Jugendliche sagen mir oft, wie bescheuert sie sich vorkommen, wenn sie auf dem Weg zu einer Mottoparty mit ihrem Kostüm in der U-Bahn sitzen – und alle anderen normal gekleidet sind. Es ist ein ganz anderes Gefühl, wenn sich in der fünften Jahreszeit die ganze Stadt kostümiert. In Köln werden sogar die Ampelschaltungen in der Innenstadt ausgesetzt, die Geschäfte schließen – die ganze Stadt ist in einem Anderszustand. Dieses Gefühl des Kollektivs können Mottopartys und Junggesellenabschiede, in denen nur kleine Gruppen im Feiermodus sind, nicht bedienen.

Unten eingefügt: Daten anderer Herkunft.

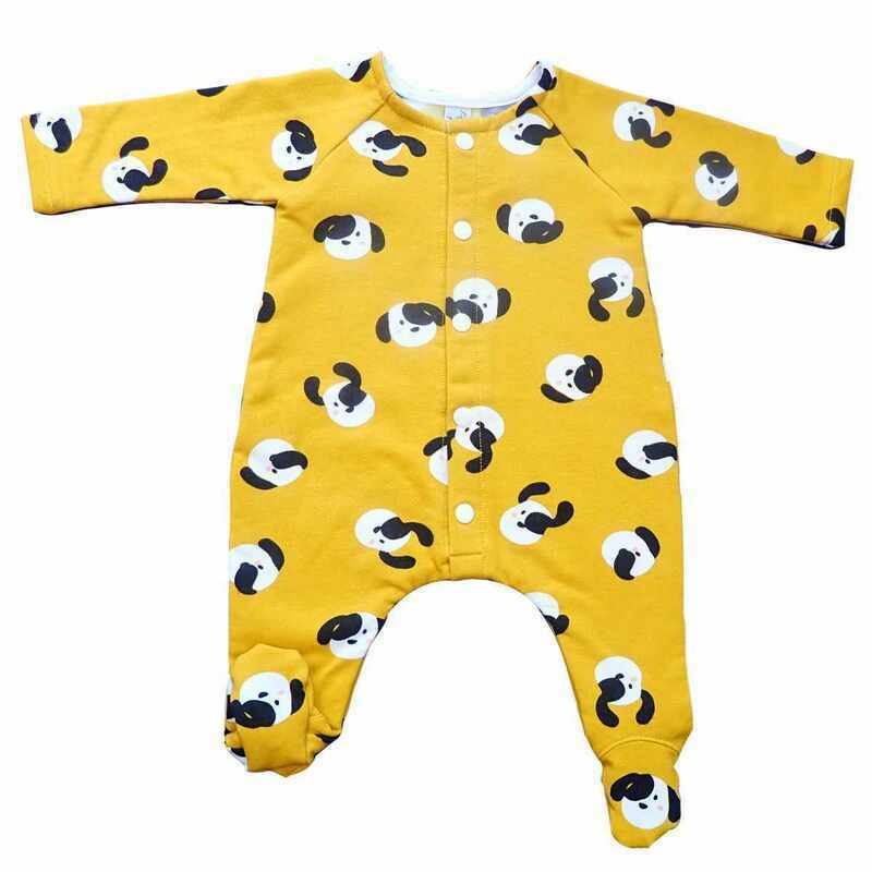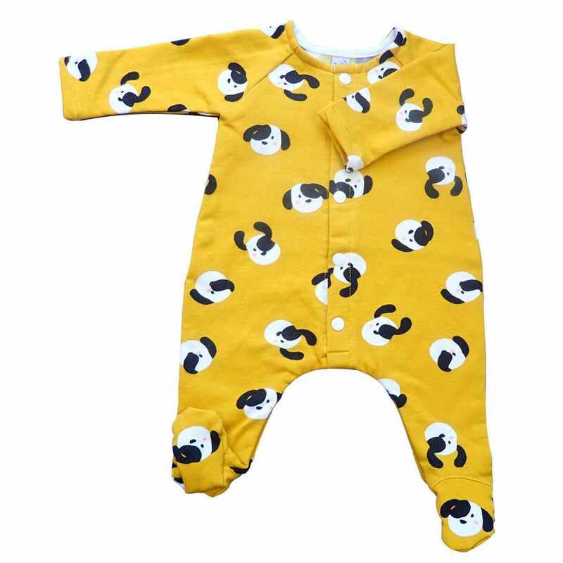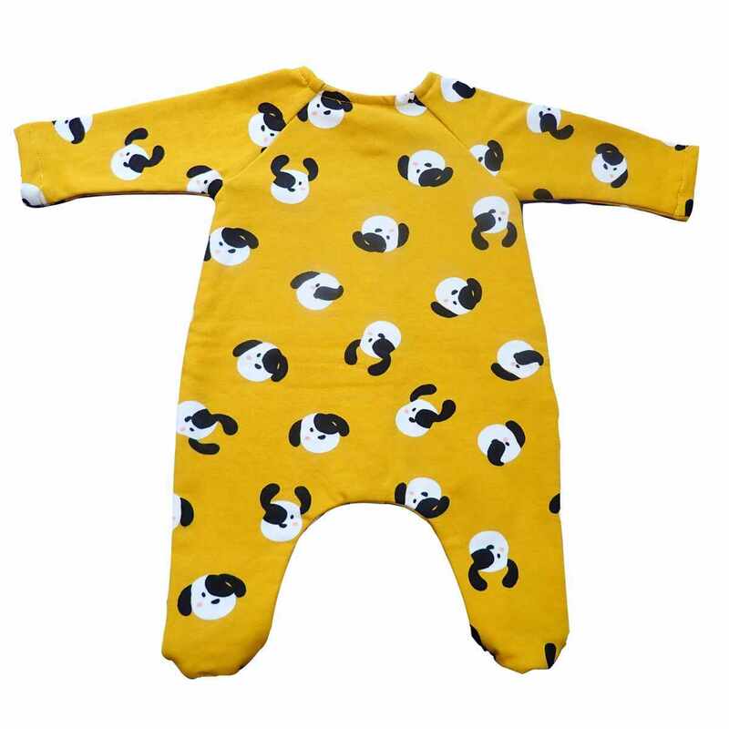 Combinaison jaune à pieds imprimée motif chien. Son ouverture par pressions jusqu’à l’entre-jambe est pratique et son toucher très doux sera agréable pour le bien-être dé bébé. Elle est livrée dans une pochette en organza.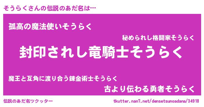 | 胡散臭い通販商品みたいなあだ名 | 『億万長者になれるブレスレット…その名も「そうらく」』 |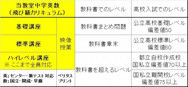 中学受験だけでしか使われることのない線分図・面積図等では教えません。都立および国私立受験両方に通用する「和田秀樹方式(算数の方程式解法)」を採用し、飛び級カリキュラムを履修します。中学を修了した学生の実力レベルで中学入試問題を解きます。こうすれば、中学入学後に部活をやっていても上位の成績に。このカリキュラムは受験の有無に関係なく履修できます。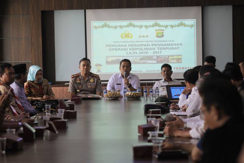 Tiga pilar Kota Tangerang menggelar Rapat Koordinasi Lintas Sektoral dalam rangka Pengamanan Hari Raya Natal 2017 dan Tahun Baru 2018 serta Stabilitas Harga Pangan di Wilayah Kota Tangerang.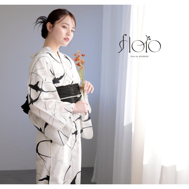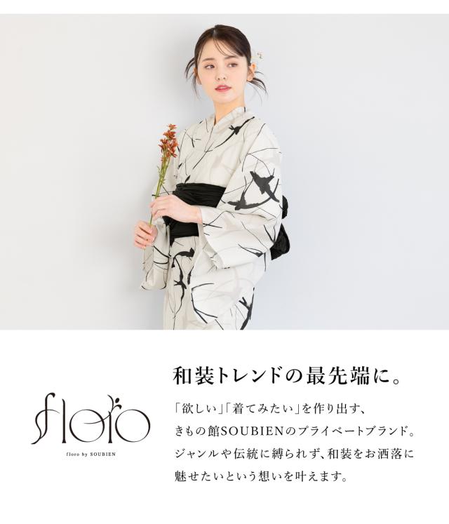 きもの館SOUBIENのプライベートブランド『floro by SOUBIEN』(フローロ)の華やかな女性用浴衣です。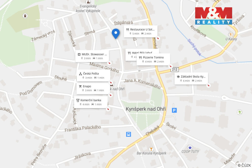 Kynšperk nad Ohří leží v malebném údolí řeky Ohře, obklopený přírodou a s dobrou dopravní dostupností. Najdete zde kompletní občanskou vybavenost – obchody, školu, školku, lékaře i sportovní areály. Dominantou města je kostel sv. Petra a Pavla a zámek Kynšperk. Do Sokolova se dostanete za cca 10 minut, do Karlových Varů asi za půl hodiny a na hranice s Německem (přechod Plesná / Bad Brambach) za přibližně 20 minut.

• Muss sich der Karneval verändern?
Man muss gucken, inwieweit das Fest die Substanz hat zu bestehen. Wenn sich „an den tollen Tagen“ die einen zum Skiurlaub verabschieden und die anderen als Tourist mit der Pappnase einfliegen, dann fehlen dem Fest die Gestalter. Karneval ist kein Fest, das von oben verordnet wird. Goethe hat so schön gesagt: „Karneval ist ein Fest, das dem Volk nicht gegeben wird, sondern dass das Volk sich selbst gibt“. Vielleicht gibt sich das Volk eines Tages andere Formen ausgelassenen Feierns, parzelliert und in Portionen über das ganze Jahr verteilt. Noch begeistert der Karneval viele Menschen. Aber dass muss nicht immer so bleiben.